PROBLEM STATEMENT – From the material below, reproduce exactly the stretch of lines that begins with the line holding "Using the plastic" and ends with the line holding "Sapato scarpin slingback feminino", skipping the pictures.

EXERCISE MATERIAL –
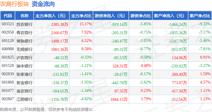 从资金流向上来看,当日农商行板块主力资金净流入4475.12万元,游资资金净流出551.33万元,散户资金净流出3923.79万元。农商行板块个股资金流向见下表:
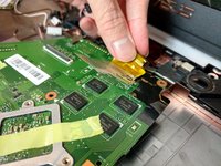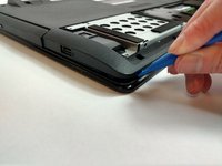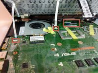 Using the plastic opening tool, flip up all three gray tabs and remove the ribbon connectors from the motherboard.
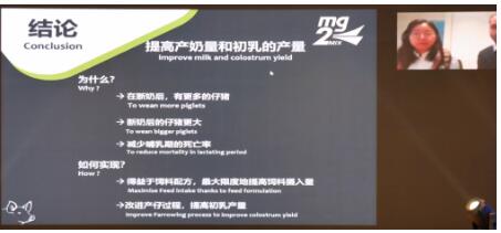 法國高牧亞太技術總監(jiān)Julien Tissier睿廉先生的報告“激發(fā)母豬生殖潛能的精準營養(yǎng)”,他首先介紹了法國高牧的主營內容 “預混料生產和動物營養(yǎng)咨詢/服務”,接著在激發(fā)母豬生殖潛能的精準營養(yǎng)的具體介紹中,分享了法國高牧在母豬懷孕期、哺乳期的不同飼喂方案和飼料配方。
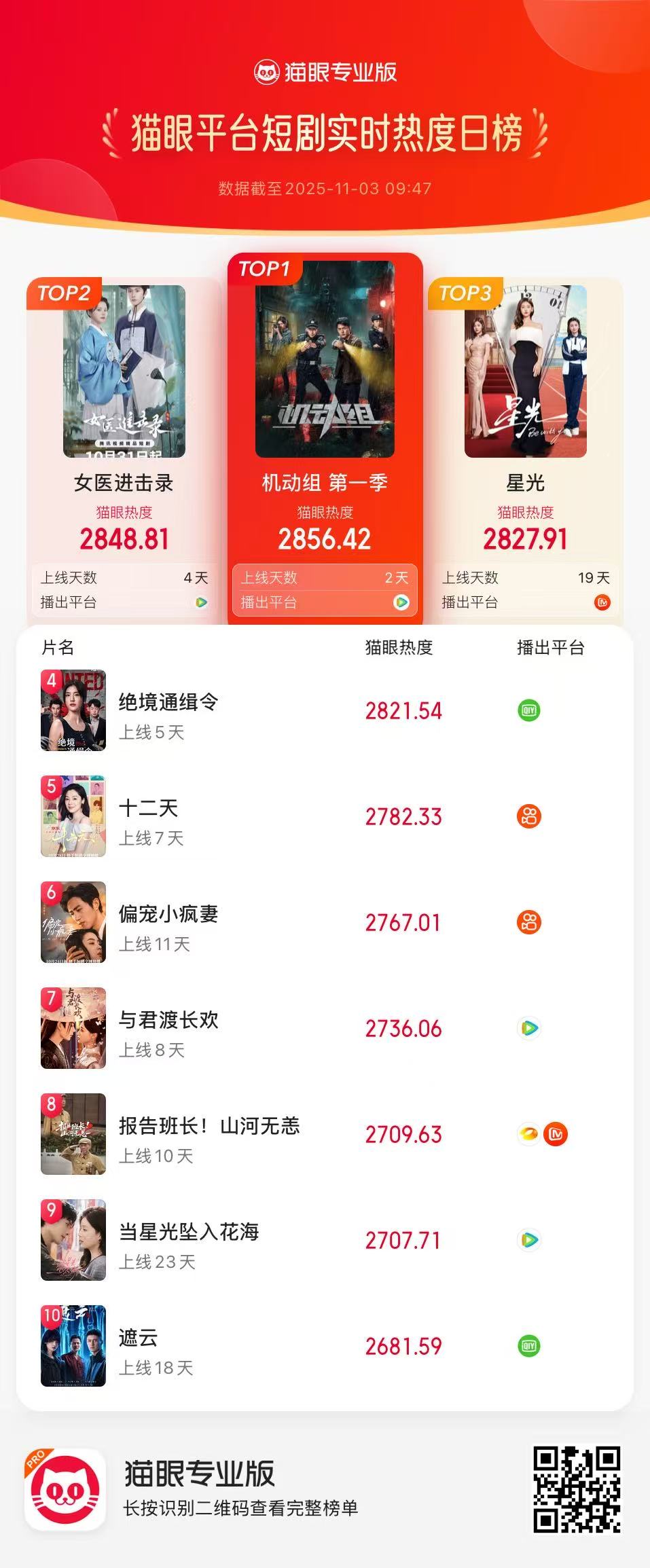11月2日,由公安部新闻传媒中心、鋆晟影业(北京)有限公司、成都鋆传文化传媒有限公司出品,SMG互联网节目中心、四川广视科教发展有限责任公司联合出品的精品短剧《机动组》在腾讯视频独家播出。该剧作为“公安部千集计划”首部作品落地四川,由四川省公安厅指导,四川省广播电视局支持,成都市公安局青白江区分局特(巡)警大队协助拍摄,荣获"跟着微短剧来学法"创作计划第一批推荐剧目,迅速登上腾讯视频短剧热搜榜前列,站内热度持续攀升,实现了主流价值与市场反响的双丰收。
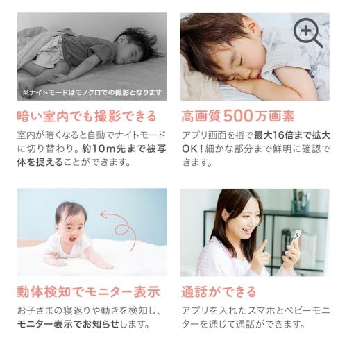 【離れていても声が届く双方向通話】 マイクとスピーカー内蔵で、別室や外出先からスマホ越しに声をかけられます。赤ちゃんが目を覚まして不安そうな時も、すぐにママ・パパの声を聞かせて安心させることが可能。忙しい合間でも家族の絆を感じられる機能です。
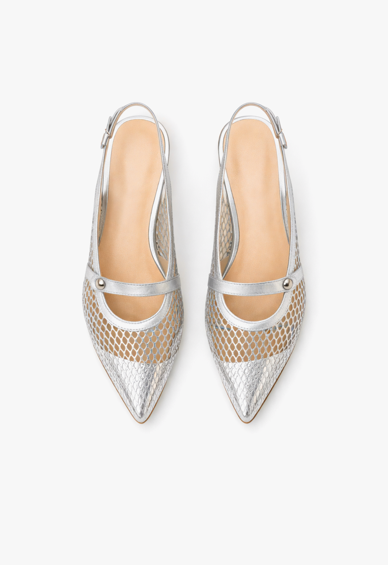 Sapato scarpin slingback feminino salto baixo prata Silver Royale, design elegante e conforto. O sapato scarpin slingback ideal para ocasiões especiais.
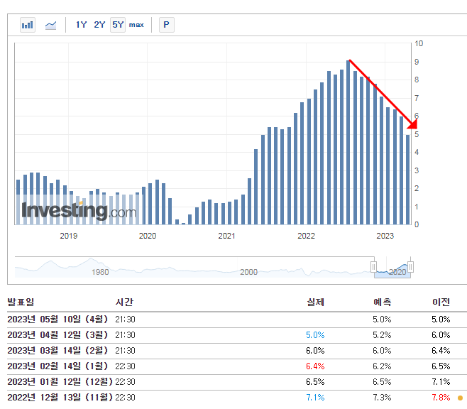 명일(5월10일)에 CPI(소비자물가지수) 예측치 5%보다 낮게 나와야 증시는 다시 상방으로 움직일 가능성이 높지만 5%대로 정체되거나 이전 수치보다 높을 경우 증시는 하방으로 향하게 될 것이다.

YOUR RESPONSE –
 Using the plastic opening tool, flip up all three gray tabs and remove the ribbon connectors from the motherboard.
 法國高牧亞太技術總監(jiān)Julien Tissier睿廉先生的報告“激發(fā)母豬生殖潛能的精準營養(yǎng)”,他首先介紹了法國高牧的主營內容 “預混料生產和動物營養(yǎng)咨詢/服務”,接著在激發(fā)母豬生殖潛能的精準營養(yǎng)的具體介紹中,分享了法國高牧在母豬懷孕期、哺乳期的不同飼喂方案和飼料配方。
11月2日,由公安部新闻传媒中心、鋆晟影业(北京)有限公司、成都鋆传文化传媒有限公司出品,SMG互联网节目中心、四川广视科教发展有限责任公司联合出品的精品短剧《机动组》在腾讯视频独家播出。该剧作为“公安部千集计划”首部作品落地四川,由四川省公安厅指导,四川省广播电视局支持,成都市公安局青白江区分局特(巡)警大队协助拍摄,荣获"跟着微短剧来学法"创作计划第一批推荐剧目,迅速登上腾讯视频短剧热搜榜前列,站内热度持续攀升,实现了主流价值与市场反响的双丰收。
 【離れていても声が届く双方向通話】 マイクとスピーカー内蔵で、別室や外出先からスマホ越しに声をかけられます。赤ちゃんが目を覚まして不安そうな時も、すぐにママ・パパの声を聞かせて安心させることが可能。忙しい合間でも家族の絆を感じられる機能です。
 Sapato scarpin slingback feminino salto baixo prata Silver Royale, design elegante e conforto. O sapato scarpin slingback ideal para ocasiões especiais.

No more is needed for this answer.